The implication here is nativelink is creating 8000+ threads. It can apparently recover if you restart the build, which is nice. The only crate in the graph that depends on sharded-slab is tracing-subscriber, and I assume that's the code that is using the default limits. I think it's weird that nativelink would be creating 8000+ threads. 8000 sounds like a perfectly sane limit.

Nativelink version 0.5.1 from GitHub running in docker.

allada commented 2 weeks ago

Hmmm, is this specific to tracing-subscriber? From what I see in nativelink we limit blocking threads to ~5k by default (math is 10 * config.global_cfg.max_open_files).

We do 10x because of an edge case that can happen when limiting max open files, in some cases open file limit can need more than 1 descriptor.

cormacrelf commented 2 weeks ago

Hm, maybe the max open files is set too high in my config. What happens if you try to schedule more work than fits in the max open files limit? Does it fail in a similar way to hitting a ulimit? Or does the scheduler avoid it / things just queue up? If it's the latter I can fix this by dropping max open files back to a reasonable number.

cormacrelf commented 2 weeks ago

Yeah, that fixed it. I think this means max_open_files should absolutely never be more than 800 with the current 10x-ing thread limit behaviour. Not that I actually read the docs when I set it way too high, but may be worth adding to them.

aaronmondal commented 2 weeks ago

Sounds like adding this info to the docs is a good first issue :relaxed:

cormacrelf commented 2 weeks ago

Hmmm... it did fix this problem, but now nativelink seems to be running 1-2 actions at a time. This started happening pretty late in a big build, initially it was fine, but it seems to have run out of open files. Set max_open_files to 512, and it's got about 600 threads running (not 5000). Sounds to me like something is is keeping files open or failing to decrement the open files limit or something. Build graph was about 2000 nodes.

; ls /proc/$(pgrep nativelink)/fdinfo/ | wc -l
543

Edit: basically this is filesystem_cas.json with a local worker also defined. You guys probably don't test this configuration that often. Maybe need to split up the filesystem & worker into two separate nativelink processes (i.e. containers), one for the worker, so the filesystem code does not eat up the open file limits that the worker needs.

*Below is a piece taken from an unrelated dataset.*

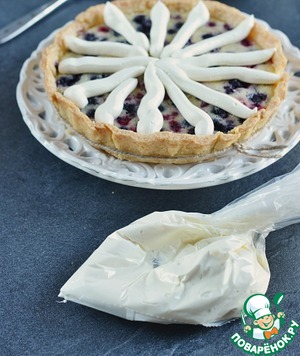 Подготовить кондитерский мешок или просто пакетик. Поместить взбитый крем. Срезать кончик и выложить крем на тарт в форме лепестков, начиная с центра.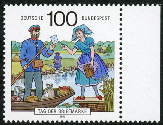 Tag der Briefträger vom Seitenrand mit Plattenfehler nach Michel: Rasterausfall unter dem Baum rechts des Hauses

cormacrelf commented 2 weeks ago

Actually, late in the build graph you have things with many dependencies, and those dep lists are just long lists of object files. Especially actions that are linking binaries and pull in the full link graph. So in this weird way, it may make sense we would hit open file limits more with more dependencies. Still would be a bit weird to consume an open file handle for that while the action is executed.